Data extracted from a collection
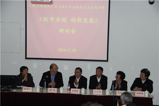 11月20日下午,上海老年大学ac米兰官网中文网站分校成立十五周年暨《校中办校创新发展》研讨会在ac米兰官网中文网站宝山校区J楼101会议室召开。ac米兰官网中文网站党委常委、组织部部长徐旭参加会议并讲话;上海老年教育领导小组办公室主任、上海老年大学常务副校长、上海教委原副主任李骏修也前来参加会议并发表了热情洋溢的讲话;上海老年大学高校专业委员会主任、上海老年大学东华大学分校校长王以刚讲话;上海老年学学会副会长、ac米兰官网中文网站张钟汝教授报告了ac米兰“随堂听课”教学新模式的科研成果。老年大学声乐班教师张正风做了《我的第二个家》的发言;学员李蜀辉发言题目是《快乐、幸福、充实、多彩》,学员李祖齐也发自内心的讲道《随堂听课新模式真好》,张桂燕的发言《老年大学是我良师益友》。
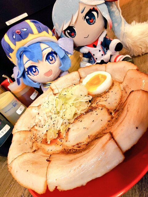 豊川のガツンと豚食いねぇ食いねぇ(ノ´・ω・)ノホイ 途中下車の旅で駅下の焼豚ラーメンはいかがかね!肉増ししてね!
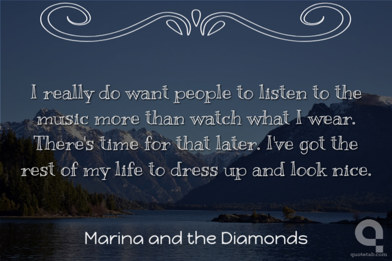 I really do want people to listen to the music more than watch what I wear. There's time for that later. I've got the rest of my life to dress up and look nice.
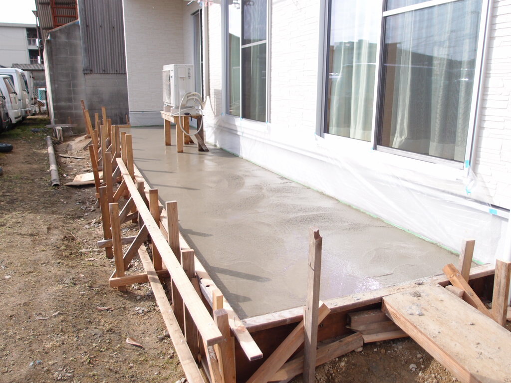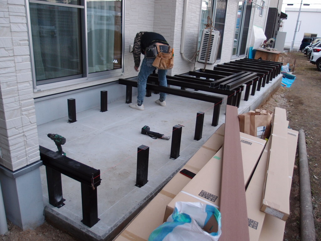 コンクリート打設からウッドデッキの組み立て、また目隠しフェンスの設置をしていきます。
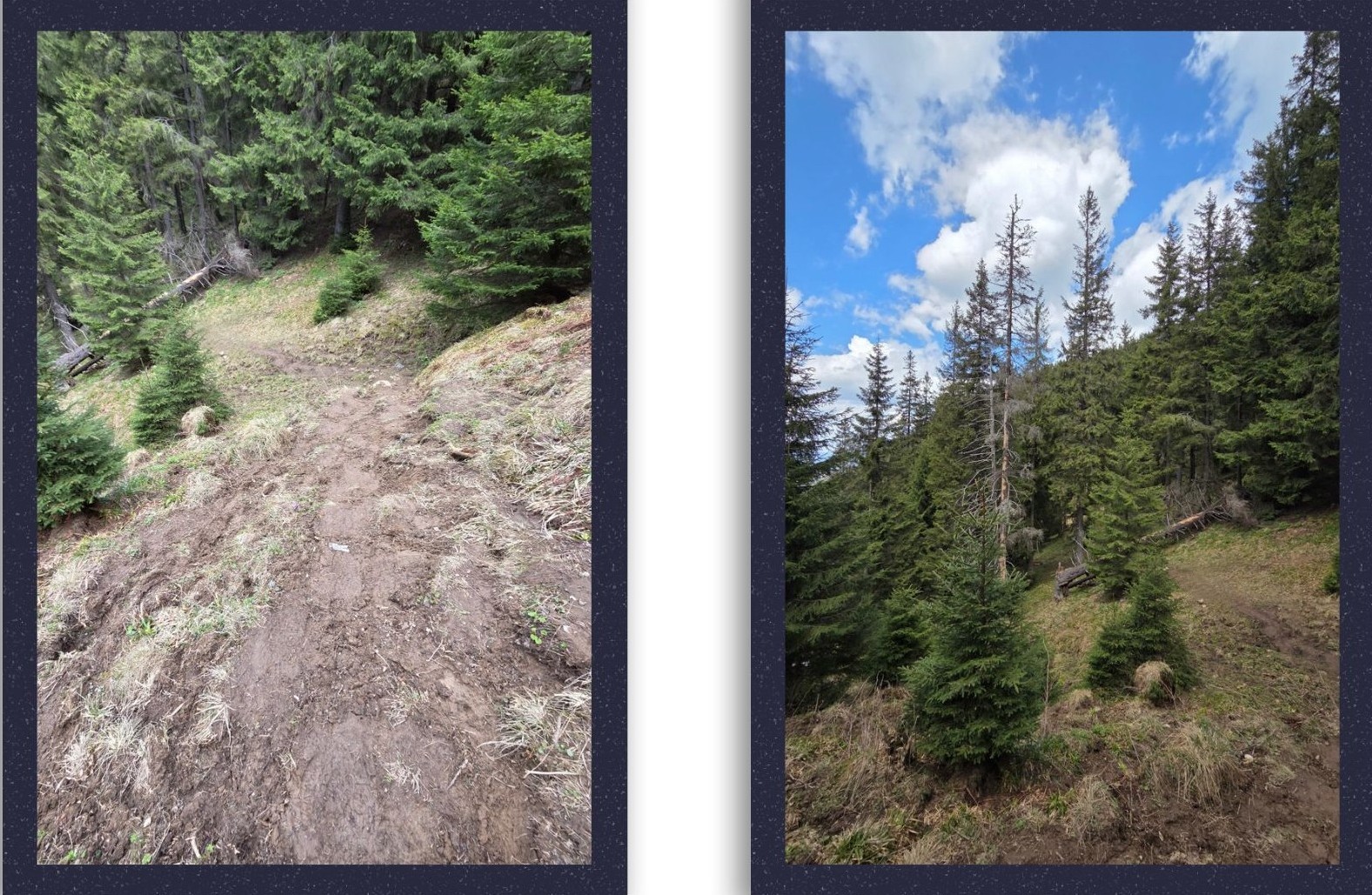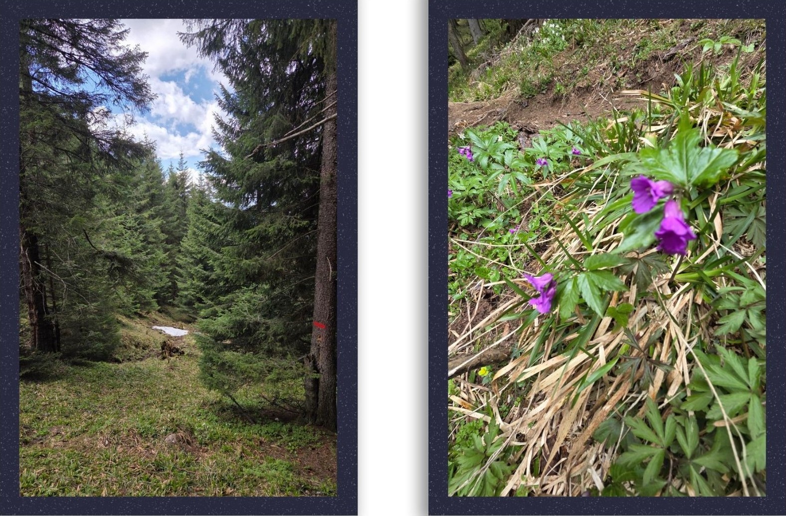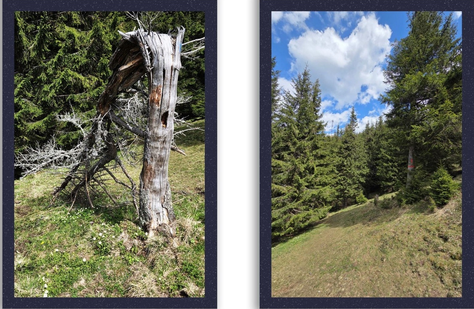 Am ajuns la stânile părăsite și am început să mergem spre pădure spre stânga, firește, până am dat de copacul cu dungă roșie care ne-a arătat locul în care era timpul să intrăm pe poteca din pădure pe care să începem coborârea.
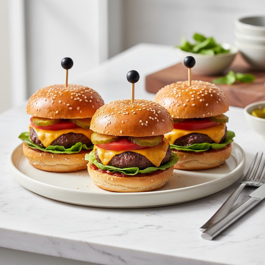 Le mini burger, aussi appelé slider, est une version miniature du burger classique, idéale pour l’apéritif, les buffets ou les repas conviviaux. Cette recette met en avant l’équilibre entre moelleux du pain, jutosité de la viande et fraîcheur des garnitures. Les mini burgers sont nés aux États-Unis dans les années 1920, popularisés par les diners et les chaînes de fast-food, mais ils se prêtent aujourd’hui à toutes les variations, du plus simple au plus raffiné. Ici, la recette privilégie la simplicité, la justesse des cuissons et l’harmonie des saveurs, tout en restant accessible à la maison. Les astuces de chef vous permettront d’obtenir des mini burgers savoureux, équilibrés et parfaitement maîtrisés, sans sacrifier la qualité nutritionnelle ni le plaisir gustatif.
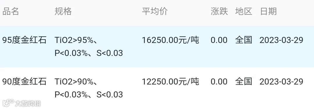 2023年03月29日金红石材料市场参考价:
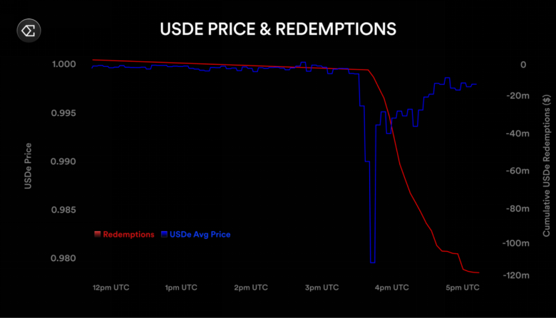 数据显示,USDe的赎回请求在一小时内突破1.2亿美元,这相当于协议日常赎回量的15倍。但Ethena的反应速度令人意外。

Aim of the exercise: Transcribe each line above verbatim, with the pictures left out.

Task output:
 11月20日下午,上海老年大学ac米兰官网中文网站分校成立十五周年暨《校中办校创新发展》研讨会在ac米兰官网中文网站宝山校区J楼101会议室召开。ac米兰官网中文网站党委常委、组织部部长徐旭参加会议并讲话;上海老年教育领导小组办公室主任、上海老年大学常务副校长、上海教委原副主任李骏修也前来参加会议并发表了热情洋溢的讲话;上海老年大学高校专业委员会主任、上海老年大学东华大学分校校长王以刚讲话;上海老年学学会副会长、ac米兰官网中文网站张钟汝教授报告了ac米兰“随堂听课”教学新模式的科研成果。老年大学声乐班教师张正风做了《我的第二个家》的发言;学员李蜀辉发言题目是《快乐、幸福、充实、多彩》,学员李祖齐也发自内心的讲道《随堂听课新模式真好》,张桂燕的发言《老年大学是我良师益友》。
 豊川のガツンと豚食いねぇ食いねぇ(ノ´・ω・)ノホイ 途中下車の旅で駅下の焼豚ラーメンはいかがかね!肉増ししてね!
 I really do want people to listen to the music more than watch what I wear. There's time for that later. I've got the rest of my life to dress up and look nice.
 コンクリート打設からウッドデッキの組み立て、また目隠しフェンスの設置をしていきます。
 Am ajuns la stânile părăsite și am început să mergem spre pădure spre stânga, firește, până am dat de copacul cu dungă roșie care ne-a arătat locul în care era timpul să intrăm pe poteca din pădure pe care să începem coborârea.
 Le mini burger, aussi appelé slider, est une version miniature du burger classique, idéale pour l’apéritif, les buffets ou les repas conviviaux. Cette recette met en avant l’équilibre entre moelleux du pain, jutosité de la viande et fraîcheur des garnitures. Les mini burgers sont nés aux États-Unis dans les années 1920, popularisés par les diners et les chaînes de fast-food, mais ils se prêtent aujourd’hui à toutes les variations, du plus simple au plus raffiné. Ici, la recette privilégie la simplicité, la justesse des cuissons et l’harmonie des saveurs, tout en restant accessible à la maison. Les astuces de chef vous permettront d’obtenir des mini burgers savoureux, équilibrés et parfaitement maîtrisés, sans sacrifier la qualité nutritionnelle ni le plaisir gustatif.
 2023年03月29日金红石材料市场参考价:
 数据显示,USDe的赎回请求在一小时内突破1.2亿美元,这相当于协议日常赎回量的15倍。但Ethena的反应速度令人意外。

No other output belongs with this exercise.